Il ruolo delle donne nella Chiesa: un diritto delle battezzate

Risposte di papa Francesco a domande poste dalle superiori generali degli ordini religiosi nell’incontro avvenuto nell’aula Paolo VI il 12 maggio 2016.

Prima domanda

Per un migliore inserimento delle donne nella vita della Chiesa

Papa Francesco, Lei ha detto che “il genio femminile è necessario in tutte le espressioni della vita della Chiesa e della società”, e tuttavia le donne sono escluse dai processi decisionali nella Chiesa, soprattutto ai più alti livelli, e dalla predicazione nell’Eucaristia. Un importante impedimento all’abbraccio pieno della Chiesa del “genio femminile” è il legame che sia i processi decisionali che la predicazione hanno con l’ordinazione sacerdotale. Lei vede un modo per separare dall’ordinazione sia i ruoli di leadership che la predicazione all’Eucaristia, in modo che la nostra Chiesa possa essere più aperta a ricevere il genio delle donne, in un futuro molto prossimo?

Papa Francesco

Sono varie cose qui che dobbiamo distinguere. La domanda è legata alla funzionalità, è legata molto alla funzionalità, mentre il ruolo della donna va oltre. Ma io adesso rispondo alla domanda, poi parliamo… Ho visto che ci sono altre domande che vanno oltre.

E’ vero che le donne sono escluse dai processi decisionali nella Chiesa: escluse no, ma è molto debole l’inserimento delle donne lì, nei processi decisionali. Dobbiamo andare avanti. Per esempio – davvero io non vedo difficoltà – credo che nel Pontificio Consiglio Giustizia e Pace che porta avanti la segreteria sia una donna, una religiosa. E’ stata proposta un’altra e io l’ho nominata, ma lei ha preferito di no, perché doveva andare da un’altra parte a fare altri lavori della sua Congregazione. Si deve andare oltre, perché per tanti aspetti dei processi decisionali non è necessaria l’ordinazione. Non è necessaria. Nella riforma della Cost. ap. Pastor Bonus, a proposito dei Dicasteri, quando non c’è la giurisdizione che viene dall’ordinazione – cioè la giurisdizionale pastorale – non si vede scritto che può essere una donna, non so se capo dicastero, ma… Per esempio per i migranti: al dicastero per i migranti una donna potrebbe andare. E quando c’è necessità – adesso che i migranti entrano in un dicastero – della giurisdizione, sarà il Prefetto a dare questo permesso. Ma nell’ordinario può andare, nell’esecuzione del processo decisionale. Per me è molto importante l’elaborazione delle decisioni: non soltanto l’esecuzione, ma anche l’elaborazione, e cioè che le donne, sia consacrate sia laiche, entrino nella riflessione del processo e nella discussione.
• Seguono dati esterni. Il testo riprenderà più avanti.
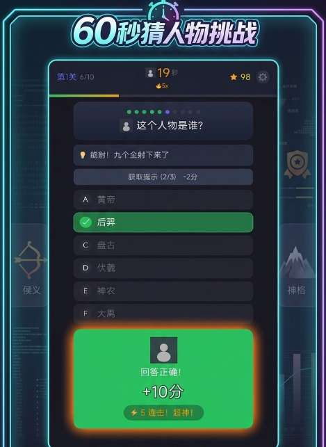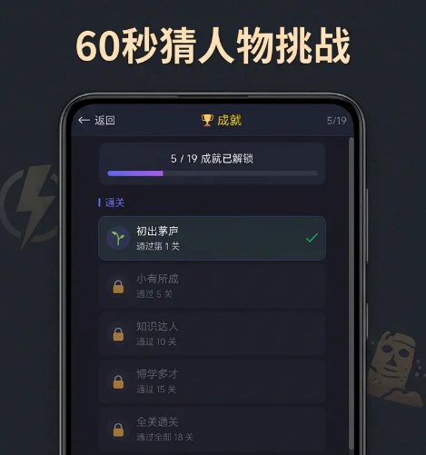 游戏以“60秒倒计时”为核心规则,玩家需在极短时间内根据提示快速猜出人物角色,营造紧张刺激的闯关氛围,充分考验反应速度与知识储备。

Perché la donna guarda la vita con occhi propri e noi uomini non possiamo guardarla così. E’ il modo di vedere un problema, di vedere qualsiasi cosa, in una donna è diverso rispetto a quello che è per l’uomo. Devono essere complementari, e nelle consultazioni è importante che ci siano le donne.

Io ho avuto l’esperienza a Buenos Aires di un problema: vedendolo con il Consiglio presbiterale – quindi tutti uomini – era ben trattato; poi, il vederlo con un gruppo di donne religiose e laiche ha arricchito tanto, tanto, e favorito la decisione con una visione complementare. E’ necessario, è necessario questo! E penso che dobbiamo andare avanti, su questo poi il processo decisionale vedrà.

C’è poi il problema della predicazione nella Celebrazione Eucaristica. Non c’è alcun problema che una donna – una religiosa o una laica – faccia la predica in un Liturgia della Parola. Non c’è problema. Ma nella Celebrazione Eucaristica c’è un problema liturgico-dogmatico, perché la celebrazione è una – la Liturgia della Parola e la Liturgia Eucaristica, è un’unità – e Colui che la presiede è Gesù Cristo. Il sacerdote o il vescovo che presiede lo fa nella persona di Gesù Cristo. E’ una realtà teologico-liturgica. In quella situazione, non essendoci l’ordinazione delle donne, non possono presiedere. Ma si può studiare di più e spiegare di più questo che molto velocemente e un po’ semplicemente ho detto adesso.

Invece nella leadership non c’è problema: in quello dobbiamo andare avanti, con prudenza, ma cercando le soluzioni …

Ci sono due tentazioni qui, dalle quali dobbiamo guardarci.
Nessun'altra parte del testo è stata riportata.